Schools were evaluated on six points by the Network for Public Education (NPE), including resistance to privatization, the professionalization of teaching, school finance, allocation of taxpayer resources, reliance on high-stakes testing, and academic success.
The report, Valuing Public Education: A 50 State Report Card, gave no state a grade higher than “C.” Eight states received an “F” and most states were awarded a “D.”
Aware that pushback by government agencies is all too likely, the NPE exhaustively described their testing criteria.
“We evaluated states on six criteria aligned with our values. Laws, policies and practices that impact these criteria were rated. We also considered the measurable effects those laws and policies have on schools. For example, although there are no longer laws that allow racial segregation, a state’s housing and school choice laws affect the student demographics of schools.”

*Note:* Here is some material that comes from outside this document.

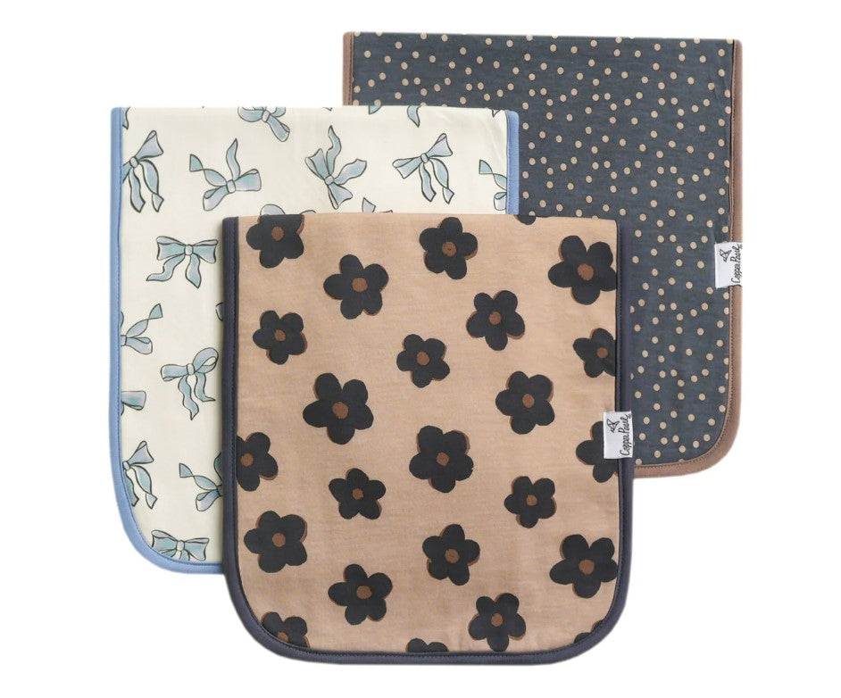 L'heure du rot de bébé est soudainement à l'ordre du jour grâce aux tissus tendance et appréciés qui vous ont fait tomber amoureux de Copper Pearl ! Qui aurait cru que bébé pouvait cracher avec style ? Conçu pour s'agencer parfaitement avec nos ensembles de bavoirs bandana, le devant de chaque bavoir avant-gardiste est doté de motifs modernes et chics sur 100 % coton. La norme Copper Pearl « la mode rencontre la fonctionnalité » frappe à nouveau l'or avec ces torchons ; les redoutables fuites de crachats et de bave sur les vêtements des parents appartiennent au passé ! Une couche intermédiaire en polaire offre une absorption supérieure, arrêtant les liquides désagréables de bébé dans leur élan. Une taille généreuse de 21 x 10 pouces offre une plus grande couverture des épaules (et moins de changements de tenue) pour maman et papa. Indispensable pour tout parent nouveau ou chevronné, nos torchons Copper Pearl sont le cadeau parfait pour toute occasion.

“The average of the six letter grades was then used to create a GPA, which was converted into an overall state letter grade. As a matter of principle, NPE does not believe in assigning a single letter grade for evaluation purposes. We are opposed to such simplistic methods when used, for example, to evaluate schools. In this case, our letter grades carry no stakes. No state will be rewarded or punished as a result of our judgment about their support or lack of support for public education. We assign the grade, and provide the sources from which it is derived, to alert the public about whether their state is acting as a responsible guardian of its public schools.”
They also stated that grades in the “Chance for Success” column are lower than they would have been a decade ago, and suggest that this is due to rising numbers of students living in poverty and increased racial isolation in schools.
When it came to school finance, they gave the United States a national grade of a “dismal D.”